Ocean acidification harms the entire ecosystem

Acidification of the seas only creates losers

From the tropical seas to the Arctic Ocean: The increasing acidification of the oceans will have enormous negative impacts on marine ecosystems. A new study shows that marine management should not focus on the big picture, the researchers said

Scientists have simulated three possible future scenarios and investigated how they could evolve in fifty years. The result was clear: while the other two scenarios had both positive and negative impacts on ecosystems, acidification of the oceans had a huge negative impact.

Global Impact
Researchers at the IMR in Norway, together with colleagues from the US, France and Australia, have been working on the new study recently published in the international journal Frontiers in Marine Science.

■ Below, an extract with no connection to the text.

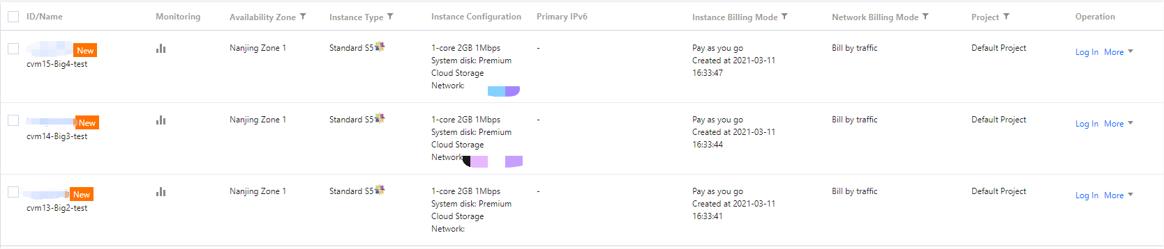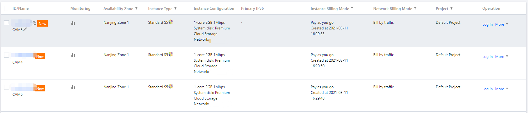 3. Kembali ke Konsol CVM untuk melihat instans yang baru dibeli. Anda dapat melihat bahwa instans yang dibeli secara batch ini diberi nama dengan awalan yang sama dan nomor berakhiran menaik mulai dari 3.

The team studied eight marine ecosystems stretching from the tropics to the Barents Sea. They used ecosystem models to see what effects the following scenarios would have:

- Increasing acidification of the oceans - an effect of climate change
- Enlargement of marine protected areas
- Changes in the fishery

Marine ecosystems are stable
The most important conclusion is positive: the marine ecosystems are quite stable, even though they have to withstand heavy loads. "That means they will not collapse," said Research Director Erik Olsen of the IMR. "But the increasing acidification of the oceans is the scenario that has the biggest impact on the three scenarios we tested."

The acidification of the oceans happens when large parts of the CO2 dissolve in the waters and turn into acid. More carbonic acid in the ocean leads to a lower pH.
A more acidic ocean can have serious consequences for marine life, especially for organisms that form shells or skeletons from lime.

Ocean acidification only creates losers
The study also shows that the protection of the oceans or changes in the fishery has some positive effects on some specifics and negative impacts on other species - a mixed result.

"But in the acidification of the oceans, we have seen that it has a major impact on all parts of marine ecosystems, and in a massively negative way," says Olsen.

Politicians make big decisions about the management of the oceans, mostly based on scientific evidence. It is equally important for politics and science to consider the entire ecosystem as a whole, according to Olsen, because it affects the entire ecosystem.